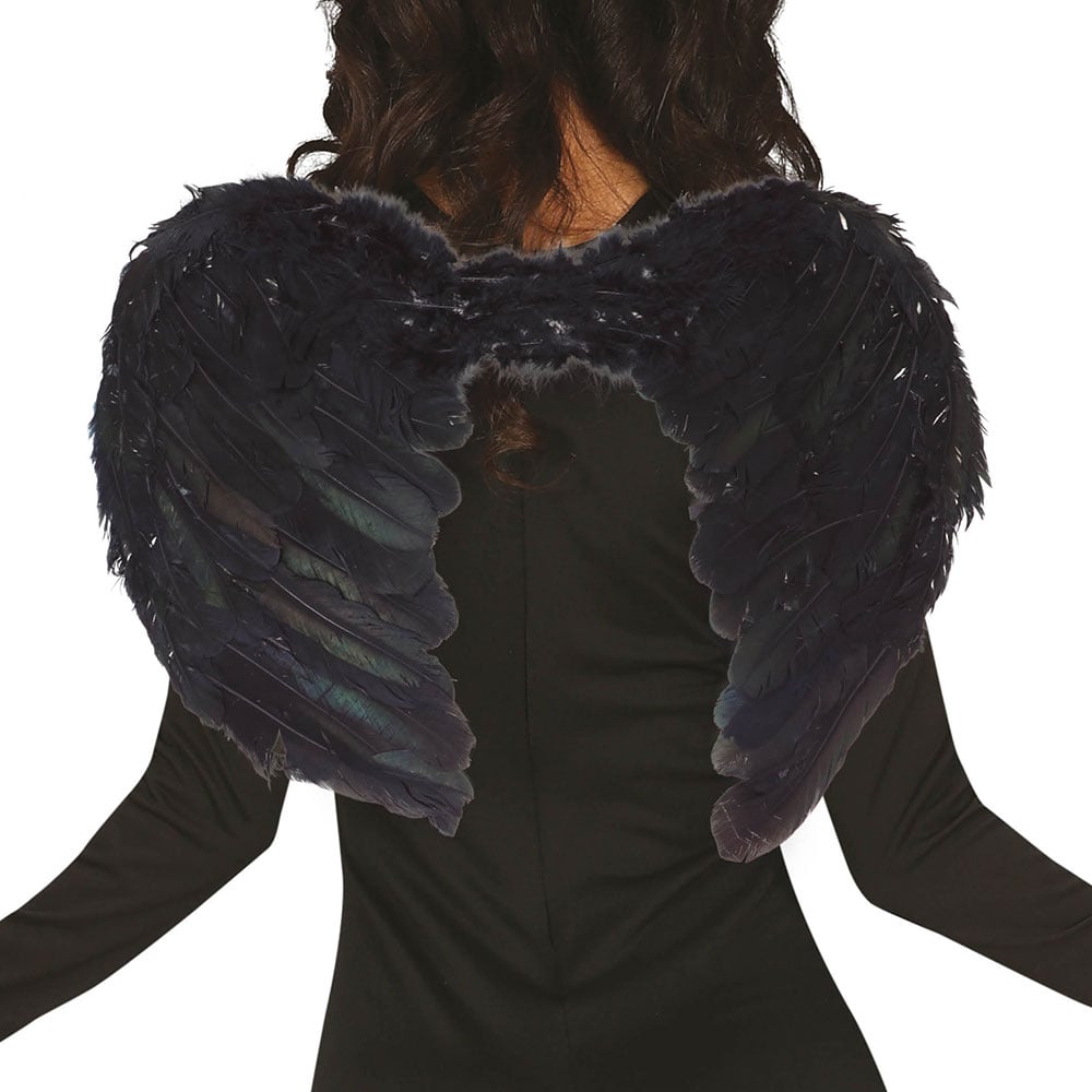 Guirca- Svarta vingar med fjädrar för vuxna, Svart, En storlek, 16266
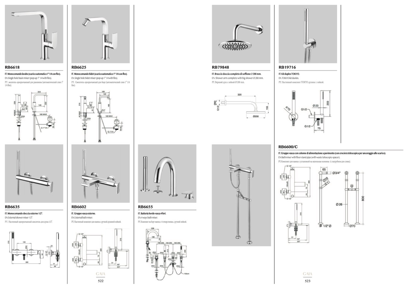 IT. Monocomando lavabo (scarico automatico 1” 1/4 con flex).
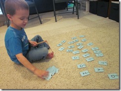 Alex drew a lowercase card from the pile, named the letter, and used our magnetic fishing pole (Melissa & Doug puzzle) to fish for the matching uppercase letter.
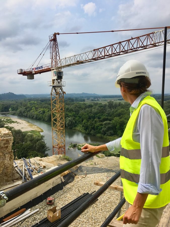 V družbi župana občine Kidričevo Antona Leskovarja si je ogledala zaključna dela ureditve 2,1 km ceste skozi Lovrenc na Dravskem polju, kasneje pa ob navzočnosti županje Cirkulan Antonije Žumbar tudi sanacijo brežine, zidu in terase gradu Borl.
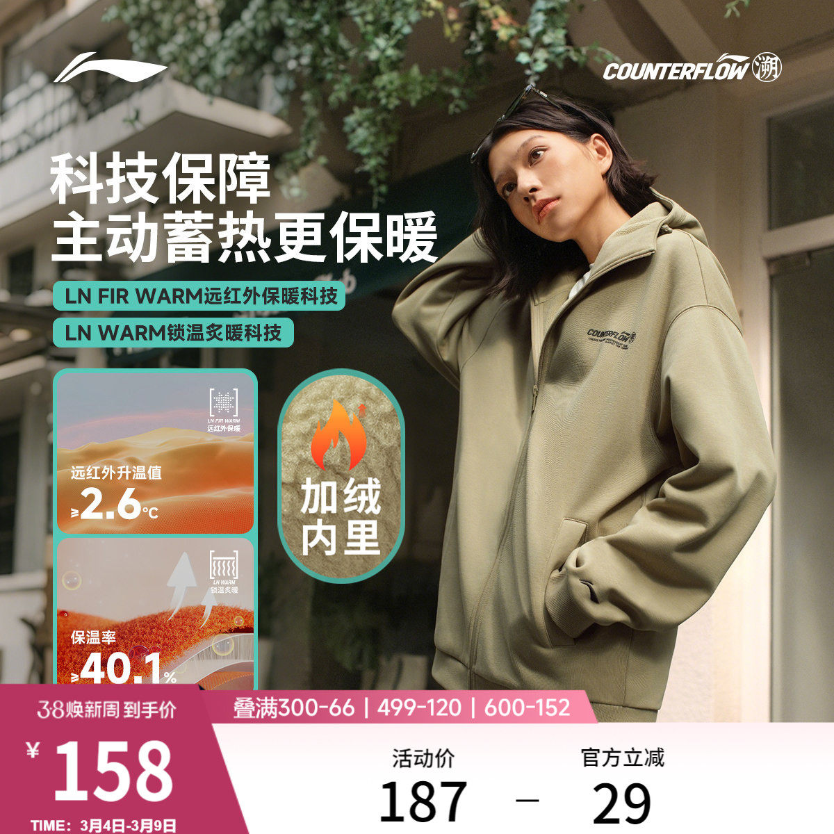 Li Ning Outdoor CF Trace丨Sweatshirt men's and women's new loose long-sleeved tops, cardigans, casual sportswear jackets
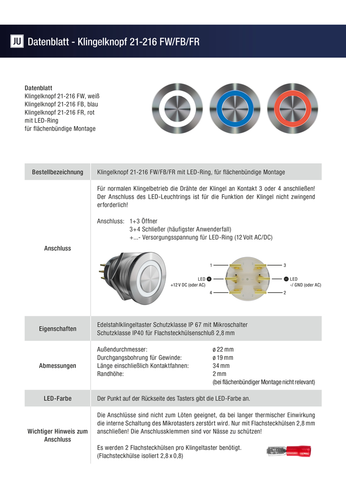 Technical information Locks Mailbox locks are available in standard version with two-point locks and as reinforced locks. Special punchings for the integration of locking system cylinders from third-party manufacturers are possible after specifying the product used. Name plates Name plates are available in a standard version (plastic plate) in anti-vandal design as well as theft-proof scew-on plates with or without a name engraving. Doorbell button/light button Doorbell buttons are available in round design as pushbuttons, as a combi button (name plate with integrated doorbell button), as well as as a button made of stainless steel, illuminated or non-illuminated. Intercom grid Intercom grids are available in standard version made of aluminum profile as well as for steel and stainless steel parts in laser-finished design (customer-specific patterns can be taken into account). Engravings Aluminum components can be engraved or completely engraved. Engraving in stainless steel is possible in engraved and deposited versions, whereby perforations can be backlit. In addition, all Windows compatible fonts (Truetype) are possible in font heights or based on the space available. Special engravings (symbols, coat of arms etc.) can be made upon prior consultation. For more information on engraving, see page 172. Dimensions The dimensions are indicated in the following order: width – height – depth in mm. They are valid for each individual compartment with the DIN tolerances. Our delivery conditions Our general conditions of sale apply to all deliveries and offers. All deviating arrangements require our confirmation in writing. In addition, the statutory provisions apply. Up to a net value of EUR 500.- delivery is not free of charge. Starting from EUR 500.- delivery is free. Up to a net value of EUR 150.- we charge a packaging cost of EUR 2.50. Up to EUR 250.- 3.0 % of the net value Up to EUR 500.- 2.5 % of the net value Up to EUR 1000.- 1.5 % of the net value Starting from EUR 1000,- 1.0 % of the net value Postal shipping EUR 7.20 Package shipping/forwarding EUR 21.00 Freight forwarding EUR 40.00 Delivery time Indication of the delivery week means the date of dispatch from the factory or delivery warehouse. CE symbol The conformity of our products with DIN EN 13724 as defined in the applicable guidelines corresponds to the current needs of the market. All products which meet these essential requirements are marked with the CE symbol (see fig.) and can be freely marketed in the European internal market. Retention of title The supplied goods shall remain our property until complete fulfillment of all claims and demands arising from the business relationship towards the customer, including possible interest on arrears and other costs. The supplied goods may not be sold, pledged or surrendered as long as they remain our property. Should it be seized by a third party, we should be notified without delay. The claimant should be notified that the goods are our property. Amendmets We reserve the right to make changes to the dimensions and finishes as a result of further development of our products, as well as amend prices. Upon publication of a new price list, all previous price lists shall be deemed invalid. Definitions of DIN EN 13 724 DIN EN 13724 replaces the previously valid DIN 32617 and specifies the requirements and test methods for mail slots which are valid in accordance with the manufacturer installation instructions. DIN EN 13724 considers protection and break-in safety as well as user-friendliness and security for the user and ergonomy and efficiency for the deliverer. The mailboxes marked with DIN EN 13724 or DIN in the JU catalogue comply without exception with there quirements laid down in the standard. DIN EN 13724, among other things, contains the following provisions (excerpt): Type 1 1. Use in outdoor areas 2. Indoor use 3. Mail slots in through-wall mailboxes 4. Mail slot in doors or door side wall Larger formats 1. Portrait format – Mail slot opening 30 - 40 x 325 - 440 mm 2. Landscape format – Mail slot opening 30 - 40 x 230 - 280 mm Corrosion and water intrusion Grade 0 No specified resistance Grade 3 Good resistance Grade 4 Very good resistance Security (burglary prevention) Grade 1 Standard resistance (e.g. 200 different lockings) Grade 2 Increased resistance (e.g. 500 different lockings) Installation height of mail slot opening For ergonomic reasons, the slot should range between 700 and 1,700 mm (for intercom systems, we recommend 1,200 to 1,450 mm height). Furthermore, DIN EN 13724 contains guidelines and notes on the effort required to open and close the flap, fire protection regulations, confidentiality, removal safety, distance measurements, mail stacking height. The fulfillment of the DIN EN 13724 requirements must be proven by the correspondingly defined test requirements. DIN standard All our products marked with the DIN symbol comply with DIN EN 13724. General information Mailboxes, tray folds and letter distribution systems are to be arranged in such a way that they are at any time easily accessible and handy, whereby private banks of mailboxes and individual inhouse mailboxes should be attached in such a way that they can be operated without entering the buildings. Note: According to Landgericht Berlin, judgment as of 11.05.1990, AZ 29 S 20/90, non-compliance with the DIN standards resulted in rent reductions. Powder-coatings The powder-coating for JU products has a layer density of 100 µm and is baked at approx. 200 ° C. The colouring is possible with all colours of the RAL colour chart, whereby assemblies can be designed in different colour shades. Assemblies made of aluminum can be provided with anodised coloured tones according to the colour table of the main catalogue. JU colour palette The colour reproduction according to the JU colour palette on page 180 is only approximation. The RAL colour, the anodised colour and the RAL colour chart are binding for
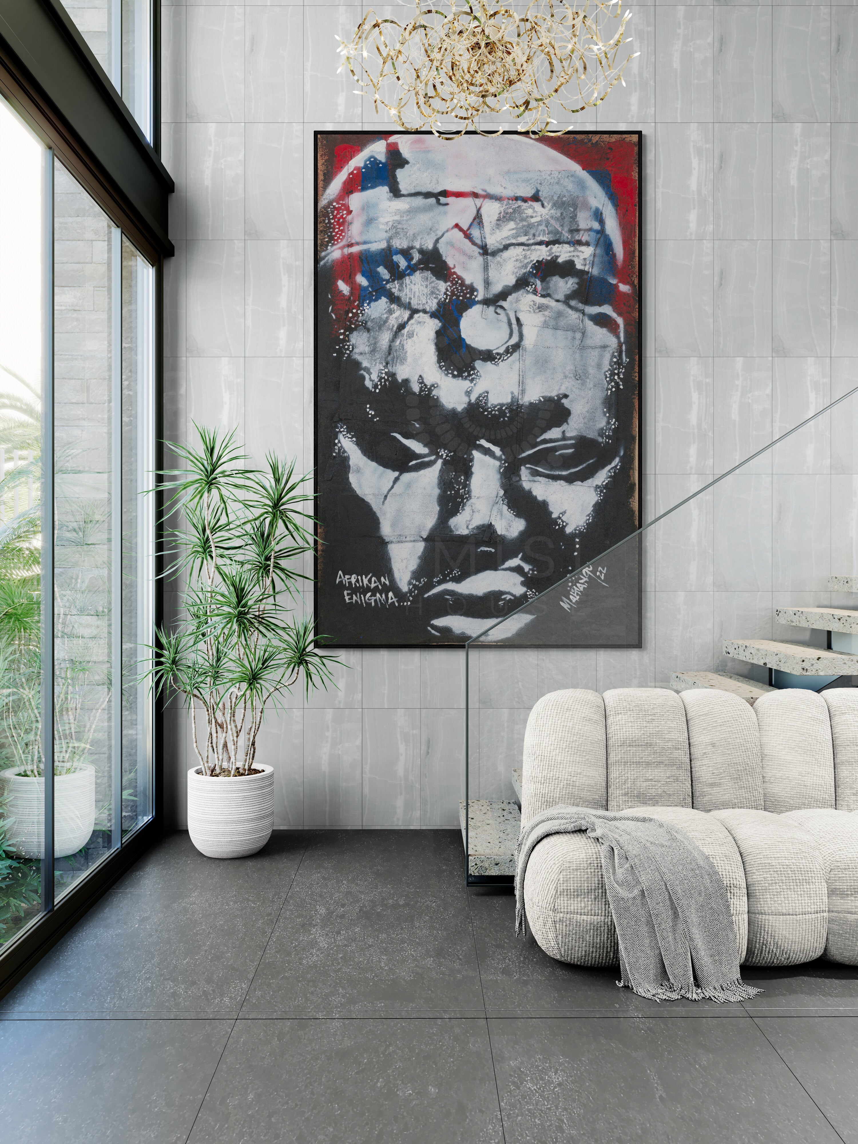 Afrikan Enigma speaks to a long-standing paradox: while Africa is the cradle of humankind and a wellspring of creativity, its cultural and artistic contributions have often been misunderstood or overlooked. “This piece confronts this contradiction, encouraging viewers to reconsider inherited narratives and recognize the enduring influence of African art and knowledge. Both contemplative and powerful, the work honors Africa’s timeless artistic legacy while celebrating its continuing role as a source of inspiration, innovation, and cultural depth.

◆ **WORK INSTRUCTIONS**
Each record is to be written out exactly. No picture goes in.

◆ **WRITTEN RESPONSE**
 Guirca- Svarta vingar med fjädrar för vuxna, Svart, En storlek, 16266
 IT. Monocomando lavabo (scarico automatico 1” 1/4 con flex).
 Alex drew a lowercase card from the pile, named the letter, and used our magnetic fishing pole (Melissa & Doug puzzle) to fish for the matching uppercase letter.
 V družbi župana občine Kidričevo Antona Leskovarja si je ogledala zaključna dela ureditve 2,1 km ceste skozi Lovrenc na Dravskem polju, kasneje pa ob navzočnosti županje Cirkulan Antonije Žumbar tudi sanacijo brežine, zidu in terase gradu Borl.
 Li Ning Outdoor CF Trace丨Sweatshirt men's and women's new loose long-sleeved tops, cardigans, casual sportswear jackets
 Technical information Locks Mailbox locks are available in standard version with two-point locks and as reinforced locks. Special punchings for the integration of locking system cylinders from third-party manufacturers are possible after specifying the product used. Name plates Name plates are available in a standard version (plastic plate) in anti-vandal design as well as theft-proof scew-on plates with or without a name engraving. Doorbell button/light button Doorbell buttons are available in round design as pushbuttons, as a combi button (name plate with integrated doorbell button), as well as as a button made of stainless steel, illuminated or non-illuminated. Intercom grid Intercom grids are available in standard version made of aluminum profile as well as for steel and stainless steel parts in laser-finished design (customer-specific patterns can be taken into account). Engravings Aluminum components can be engraved or completely engraved. Engraving in stainless steel is possible in engraved and deposited versions, whereby perforations can be backlit. In addition, all Windows compatible fonts (Truetype) are possible in font heights or based on the space available. Special engravings (symbols, coat of arms etc.) can be made upon prior consultation. For more information on engraving, see page 172. Dimensions The dimensions are indicated in the following order: width – height – depth in mm. They are valid for each individual compartment with the DIN tolerances. Our delivery conditions Our general conditions of sale apply to all deliveries and offers. All deviating arrangements require our confirmation in writing. In addition, the statutory provisions apply. Up to a net value of EUR 500.- delivery is not free of charge. Starting from EUR 500.- delivery is free. Up to a net value of EUR 150.- we charge a packaging cost of EUR 2.50. Up to EUR 250.- 3.0 % of the net value Up to EUR 500.- 2.5 % of the net value Up to EUR 1000.- 1.5 % of the net value Starting from EUR 1000,- 1.0 % of the net value Postal shipping EUR 7.20 Package shipping/forwarding EUR 21.00 Freight forwarding EUR 40.00 Delivery time Indication of the delivery week means the date of dispatch from the factory or delivery warehouse. CE symbol The conformity of our products with DIN EN 13724 as defined in the applicable guidelines corresponds to the current needs of the market. All products which meet these essential requirements are marked with the CE symbol (see fig.) and can be freely marketed in the European internal market. Retention of title The supplied goods shall remain our property until complete fulfillment of all claims and demands arising from the business relationship towards the customer, including possible interest on arrears and other costs. The supplied goods may not be sold, pledged or surrendered as long as they remain our property. Should it be seized by a third party, we should be notified without delay. The claimant should be notified that the goods are our property. Amendmets We reserve the right to make changes to the dimensions and finishes as a result of further development of our products, as well as amend prices. Upon publication of a new price list, all previous price lists shall be deemed invalid. Definitions of DIN EN 13 724 DIN EN 13724 replaces the previously valid DIN 32617 and specifies the requirements and test methods for mail slots which are valid in accordance with the manufacturer installation instructions. DIN EN 13724 considers protection and break-in safety as well as user-friendliness and security for the user and ergonomy and efficiency for the deliverer. The mailboxes marked with DIN EN 13724 or DIN in the JU catalogue comply without exception with there quirements laid down in the standard. DIN EN 13724, among other things, contains the following provisions (excerpt): Type 1 1. Use in outdoor areas 2. Indoor use 3. Mail slots in through-wall mailboxes 4. Mail slot in doors or door side wall Larger formats 1. Portrait format – Mail slot opening 30 - 40 x 325 - 440 mm 2. Landscape format – Mail slot opening 30 - 40 x 230 - 280 mm Corrosion and water intrusion Grade 0 No specified resistance Grade 3 Good resistance Grade 4 Very good resistance Security (burglary prevention) Grade 1 Standard resistance (e.g. 200 different lockings) Grade 2 Increased resistance (e.g. 500 different lockings) Installation height of mail slot opening For ergonomic reasons, the slot should range between 700 and 1,700 mm (for intercom systems, we recommend 1,200 to 1,450 mm height). Furthermore, DIN EN 13724 contains guidelines and notes on the effort required to open and close the flap, fire protection regulations, confidentiality, removal safety, distance measurements, mail stacking height. The fulfillment of the DIN EN 13724 requirements must be proven by the correspondingly defined test requirements. DIN standard All our products marked with the DIN symbol comply with DIN EN 13724. General information Mailboxes, tray folds and letter distribution systems are to be arranged in such a way that they are at any time easily accessible and handy, whereby private banks of mailboxes and individual inhouse mailboxes should be attached in such a way that they can be operated without entering the buildings. Note: According to Landgericht Berlin, judgment as of 11.05.1990, AZ 29 S 20/90, non-compliance with the DIN standards resulted in rent reductions. Powder-coatings The powder-coating for JU products has a layer density of 100 µm and is baked at approx. 200 ° C. The colouring is possible with all colours of the RAL colour chart, whereby assemblies can be designed in different colour shades. Assemblies made of aluminum can be provided with anodised coloured tones according to the colour table of the main catalogue. JU colour palette The colour reproduction according to the JU colour palette on page 180 is only approximation. The RAL colour, the anodised colour and the RAL colour chart are binding for
 Afrikan Enigma speaks to a long-standing paradox: while Africa is the cradle of humankind and a wellspring of creativity, its cultural and artistic contributions have often been misunderstood or overlooked. “This piece confronts this contradiction, encouraging viewers to reconsider inherited narratives and recognize the enduring influence of African art and knowledge. Both contemplative and powerful, the work honors Africa’s timeless artistic legacy while celebrating its continuing role as a source of inspiration, innovation, and cultural depth.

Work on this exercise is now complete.